= Rodon (Athens) =

Athens nightclub open 1987-2005

Rodon (Ρόδον) was a rock and pop music venue (club) in Athens, Greece, from 1987 to 2005; it was in 24 Marni Street.

==Overview==
The club was known for live performances (gigs) from Greek and foreign bands and individual performers such as Iggy Pop, Ramones, Xylina Spathia and Trypes.
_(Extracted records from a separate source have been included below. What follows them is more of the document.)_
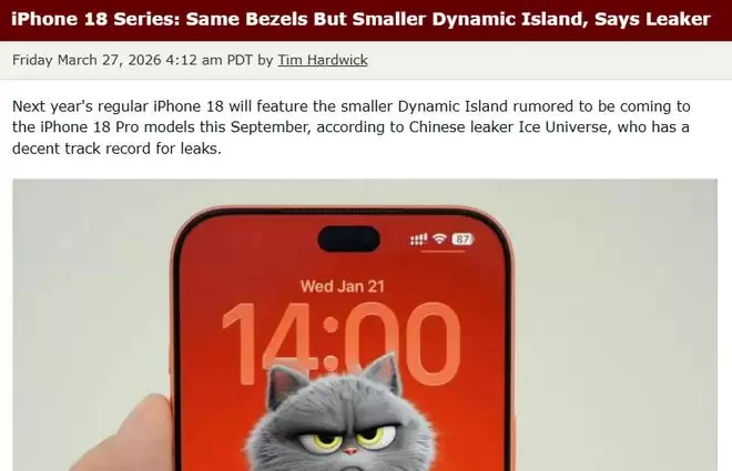 【环球网科技综合报道】3月28日消息,据外媒macrumors报道,iPhone 18日前被曝系列外观核心升级细节。消息显示,苹果将为全系iPhone 18配备尺寸更小的灵动岛。此前这项改动仅传闻专供iPhone 18 Pro机型,如今普通标准版也将同步跟进,实现全系统一优化。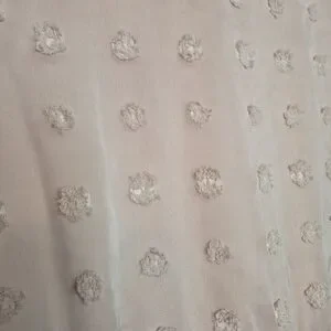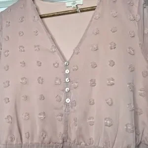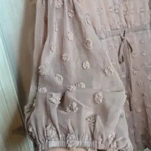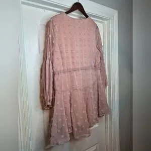 Soft dusty rose dress with raised dot texture. V-neck with small button placket. Sheer long sleeves and adjustable waist tie. Flowing skirt with gentle gathers.
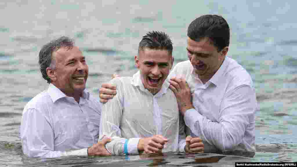 До води першими заходять пастори, а далі ті, кого хреститимуть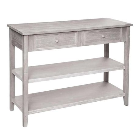 Informations Techniques : Dimensions : L. 110 x l. 40 x H. 85 cm Hauteur entre Étagères : 25 cm Tiroir : L. 42 x l. 25 x H. 12,5 cm Matières : MDF & Bois (Paulownia) Spécificités : Tendance & Pratique Console design 2 Tiroirs Style Vintage A monter soi-même Poids : 11 kg Couleur : Naturel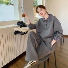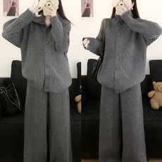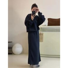 实拍大码女装秋冬胖MM时尚加厚毛衣套装松弛感遮肚显瘦针织两件套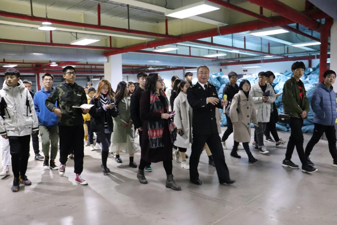 在保税中心,郑州新区海关兰磊关长热情接待yl6809永利官网集团师生,并全程带领老师和同学们进行参观学习,为大家讲解河南跨境电商近些年的发展历程及取得的辉煌成就。
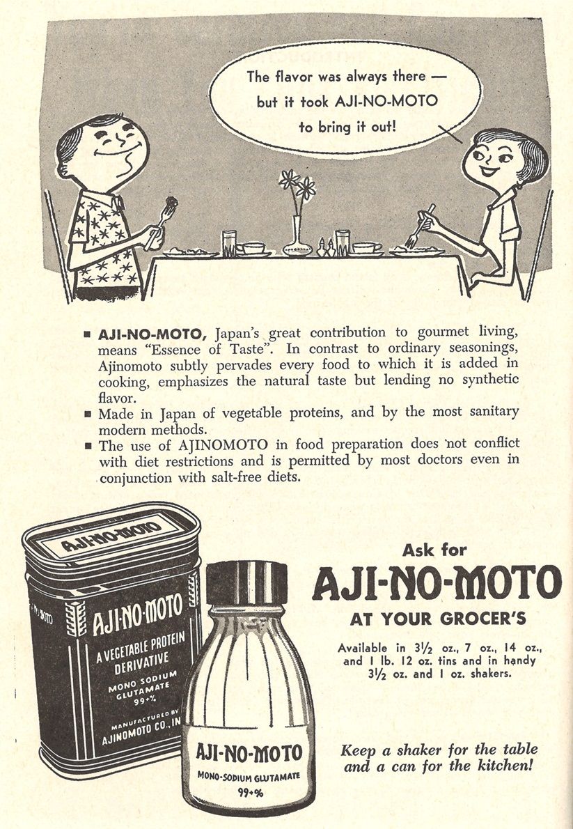 レシピ全体の3分の1ほどにajinomotoが使用されており、shoyuとともに味の素はこの頃からかなり一般的に料理に使われていたと推測される。そしてそれと相まって、この二つの広告はレシピ集の中でも、とりわけ大きく一面広告となっている場合が多い。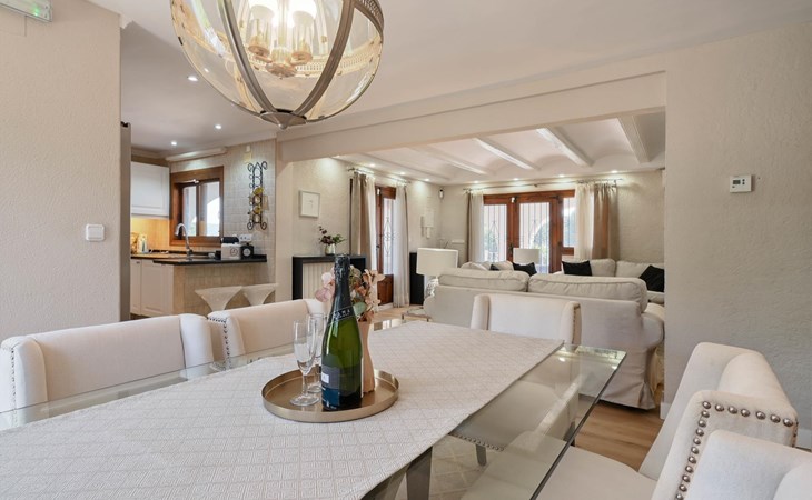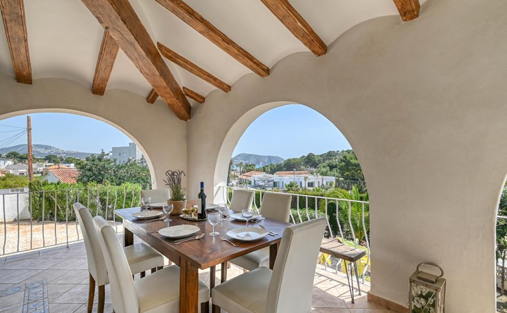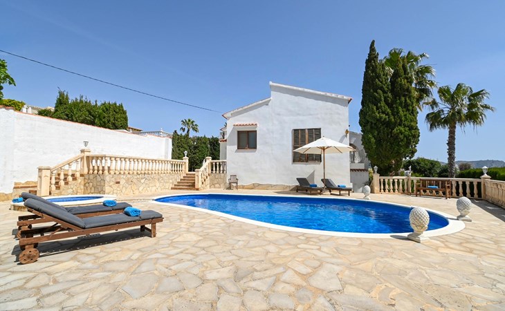 Wonderful and classic villa with heated pool in Moraira, Costa Blanca, Spain for 8 people. The house is situated in a residential beach area, close to restaurants, bars, and supermarkets, 500 m from Cala Andrago beach and 0.5 km from the Mediterranean Sea.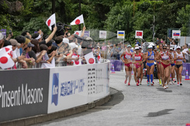 Japan's Haruka Kitaguchi takes a drink in the women's javelin throw qualification at the World Athletics Championships in Tokyo, Friday, Sept. 19, 2025. (AP Photo/Ashley Landis)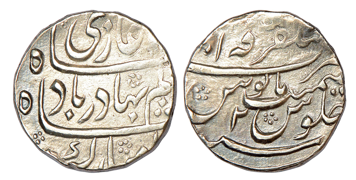 Shah Alam Bahadur (1707-1712 AD), silver heavy weight rupee, Azimabad mint, AH 1123/RY 5, similar t...
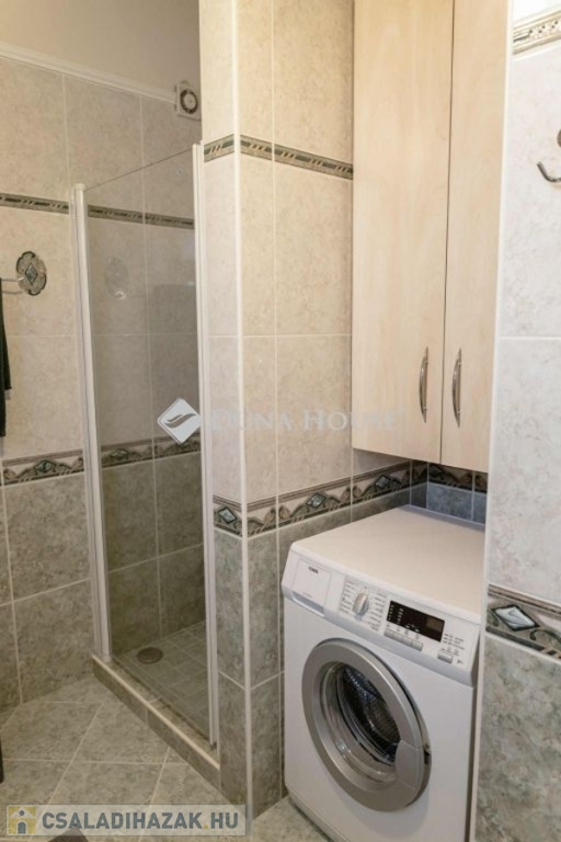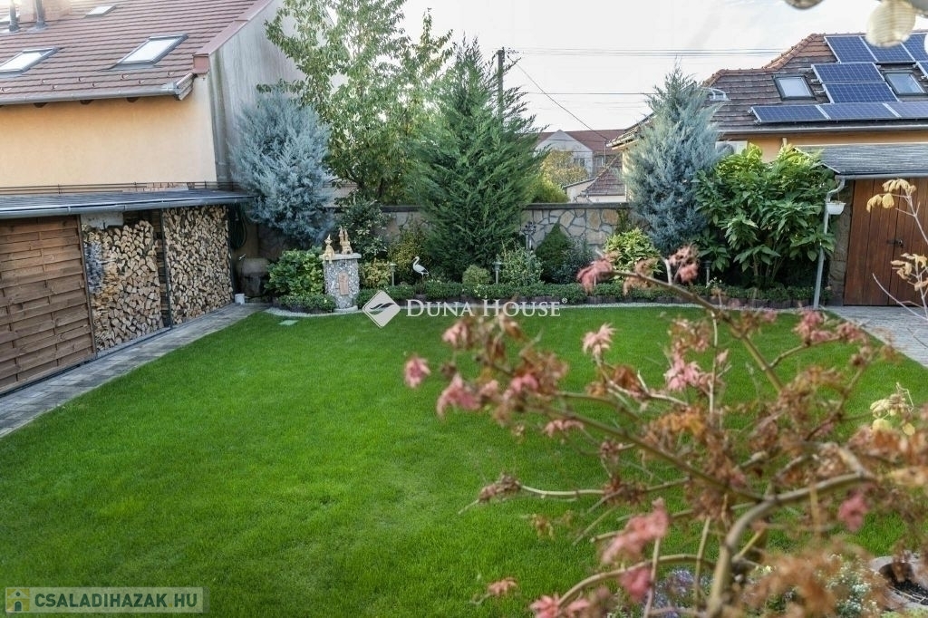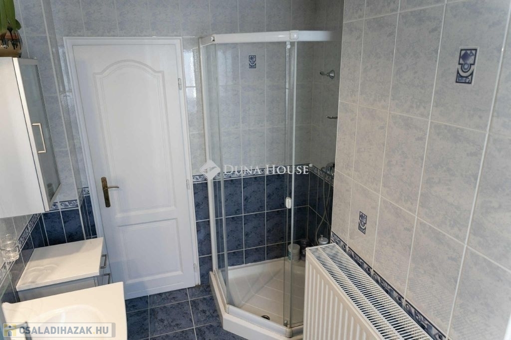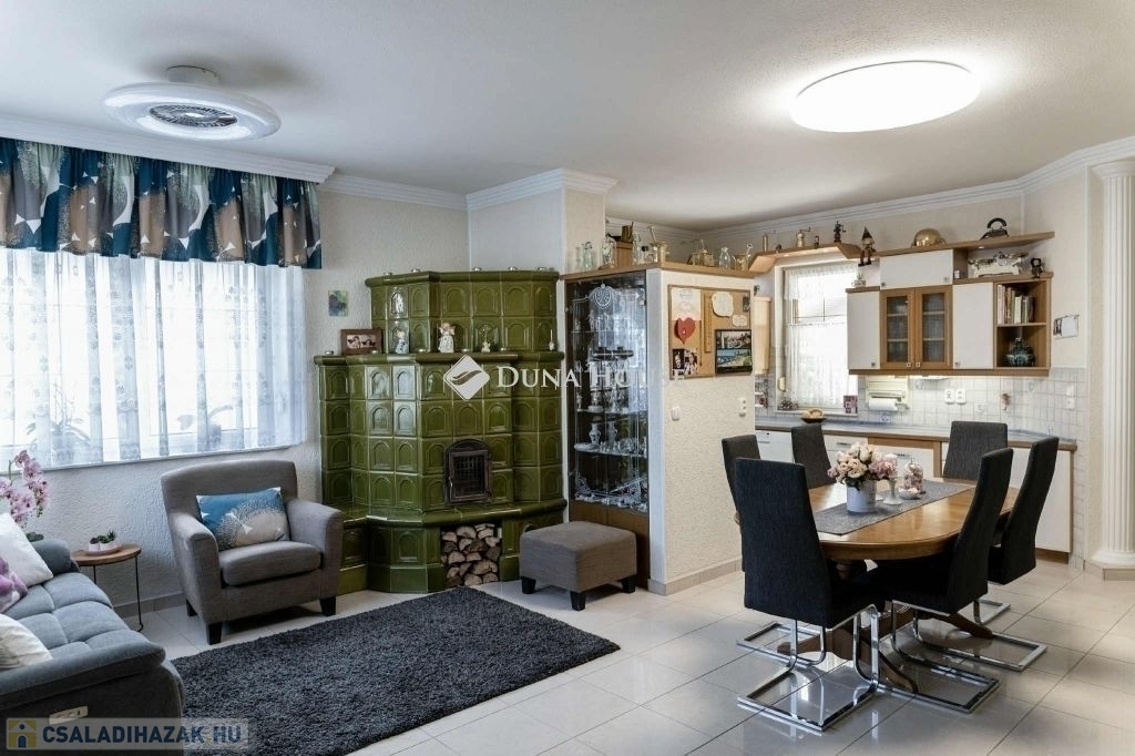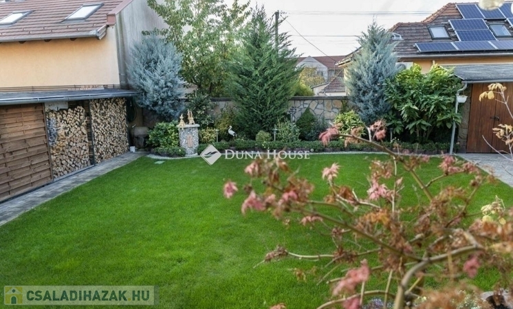 A nappaliban beépített gyönyörü cserépkályha mellett élvezhetjük a téli estéket. A konyha beépített, gépesített konyhabútorral. A földszinti hálószobából gardróbszoba és fürdőszoba nyílik. A ház alatt a földszintről megközelíthető 12 nm-es pince található. A házból nyílik az egy kocsi beállós garázs. A kertben fedett kocsibeálló is található, ami az elektromos kapun keresztül közelíthető meg. Az emeleten két szoba, beépített gardróbszekrényekkel, nappali és fürdőszoba található. A kert gondozott, ápolt pázsittal, nővényekkel, grill sarokkal és dézsafürdővel, valamint háromrészes tárolóval, a bejárat előtt hangulatos, fedett nagy terasszal.

Moreover, some albums were recorded live at Rodon.

The 2004 Athens Time Out guide mentions the club as Rodon 24 and writes about it: "The oldest rock club in Athens (and for a long time the only one) ... The name alone brings tears to the eyes of the average Athenian concert goer."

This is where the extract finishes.